Caxton se dijo que le encajaba perfectamente en la mano.

—Me la quedo —concluyó—. Envuélvamela.

Capítulo 35

Antes de marcharse a Syracuse, Caxton tenía que hacer aún dos cosas. La primera iba a ser la más difícil: ir a su casa.

El trayecto hasta la casa que compartía con Clara no era demasiado largo. Cuando llegó, aparcó en el caminito de entrada, apagó el motor del Mazda y se quedó ahí sentada un rato, contemplando la ventana de la cocina. Cuando le pareció que ya había postergado el momento lo suficiente, salió del coche y se dirigió hacia la puerta. Estaba abierta, lo que significaba que Clara se encontraba en casa. A Caxton no le sorprendió encontrar a su novia sentada a la mesa de la cocina, leyendo un libro.

—Eh... —dijo Clara, casi sin levantar la cabeza—. Cuánto tiempo sin verte.

Caxton se puso tensa, pero se obligó a calmarse y se sentó en la silla que había frente a Clara para hablar.

Finalmente, Clara levantó los ojos.

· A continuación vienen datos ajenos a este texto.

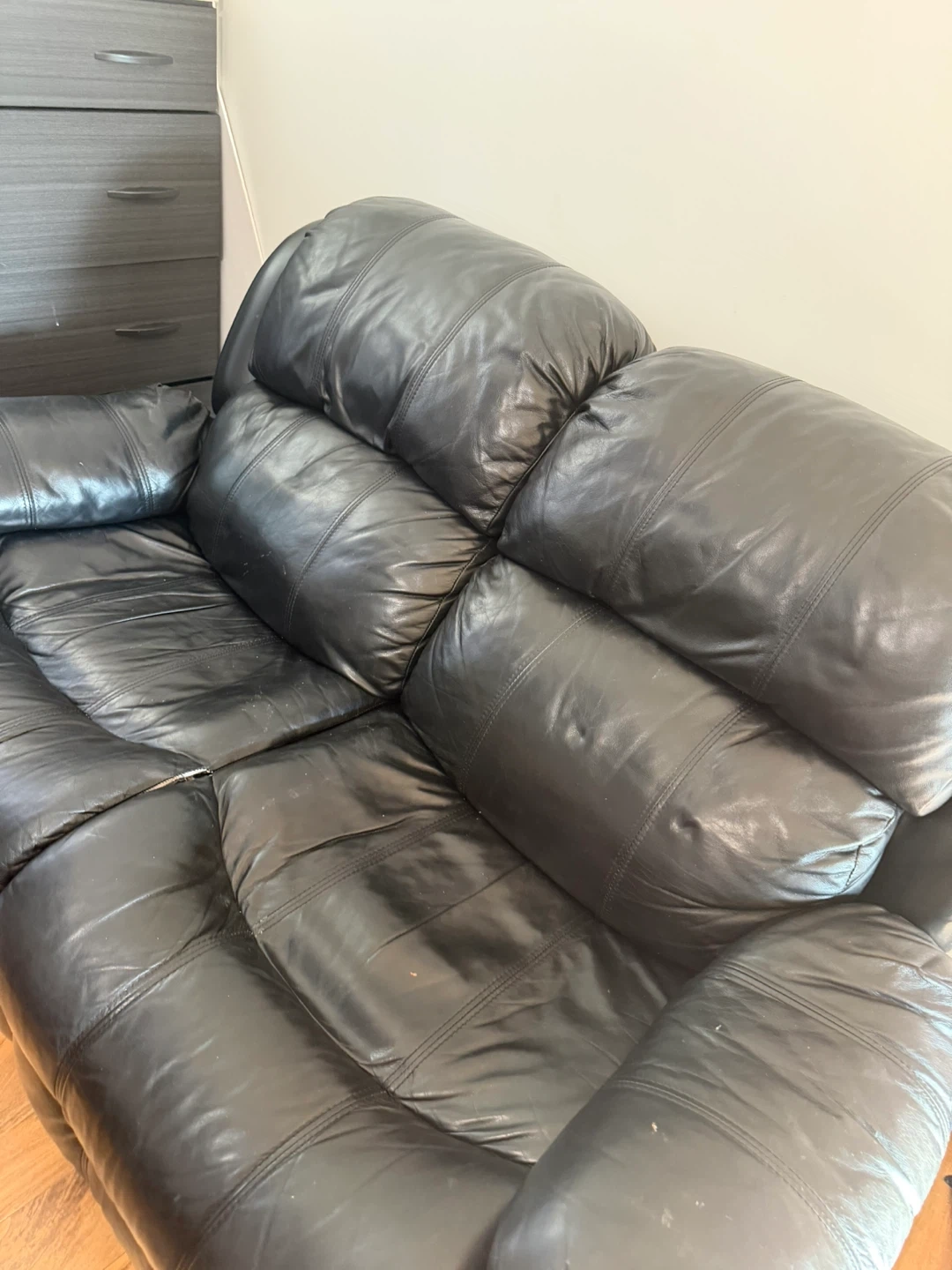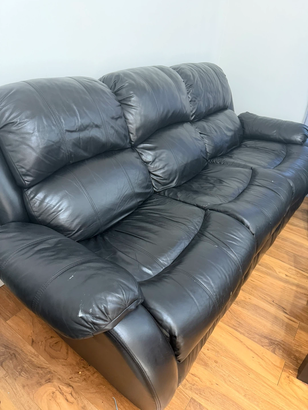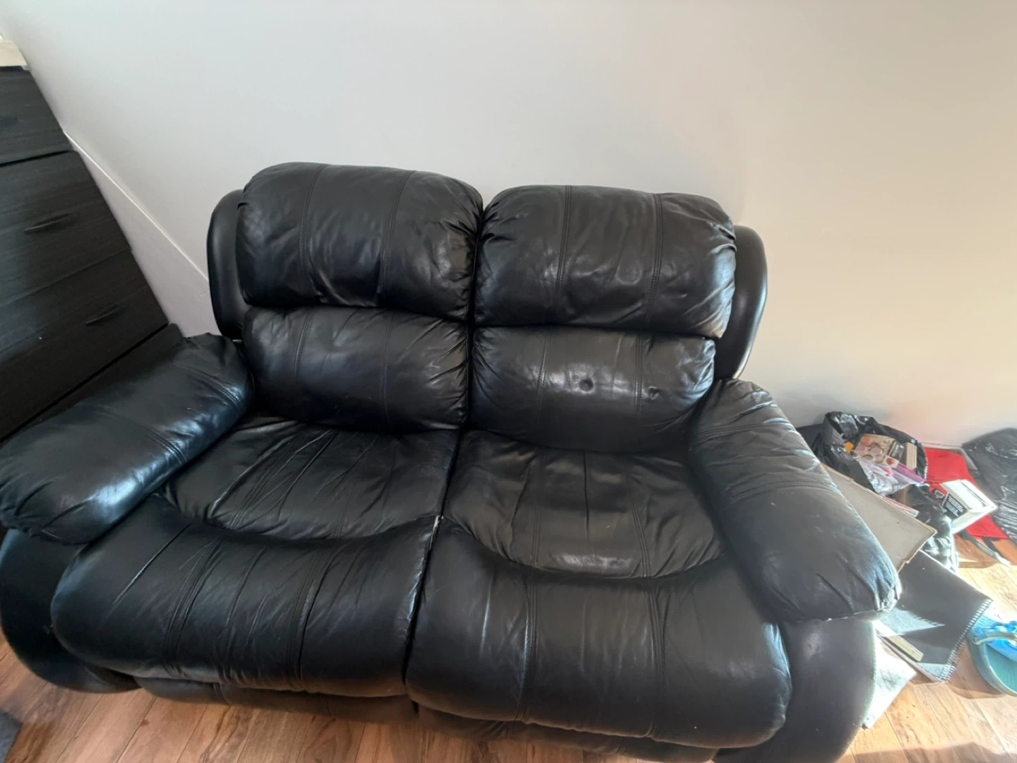 Black leather reclining sofa, seats three. Plush cushions for comfort. Perfect for a living room or family room! Moving out sale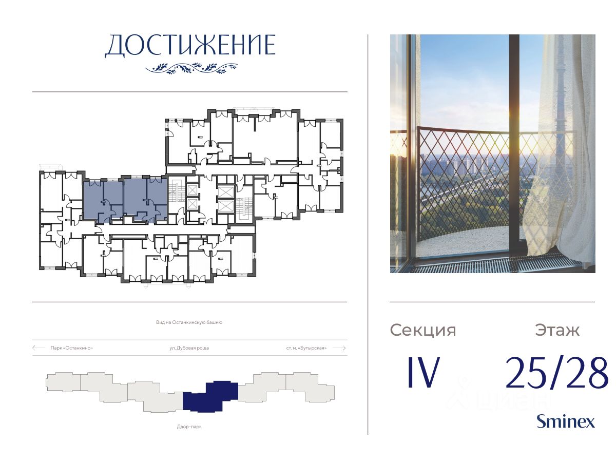''Достижение'' - единственный дом с торжественной архитектурой в окружении бескрайних парков на любой вкус: парк ''Дубовая роща'', обновленный классический парк ''Останкино'', самый известный парк России ВДНХ и крупнейший в Европе ботанический сад.

Dejó un dedo entre las páginas del libro para no perder el punto y cerró las cubiertas.

—Bueno —dijo—, ¿ya has descubierto para qué sirve la fibra de Twaron?

—Sí —respondió Caxton, que puso las manos encima de la mesa y empezó a rascar el lateral del tablero con la uña—. Se usa en los chalecos antibalas. Arkeley llevaba uno.

Clara enarcó las cejas.

—Así logra protegerse el corazón y...

—Hace que me sea casi imposible matarlo. Eso... es algo que me habría venido bien saber antes de que anoche fuera a por Raleigh. —Clara quiso responder, pero Caxton levantó una mano—. Raleigh está bien, pero otra chica murió. Si hubiera sabido a qué me enfrentaba, tal vez las cosas habrían ido... de otra forma.

A Clara le temblaron los labios.

—Yo no sabía lo que era el Twaron, sólo había oído hablar del Kevlar. Si el informe hubiera hablado de Kevlar, habría atado cabos. ¡Oye, no puedes culparme por la muerte de una chica tan sólo porque no sé lo que es el Twaron! ¡Por ahí sí que no paso!

—No te culpo a ti, me culpo a mí. Tú me dijiste que no estabas preparada para las labores forenses. Debería haberte escuchado.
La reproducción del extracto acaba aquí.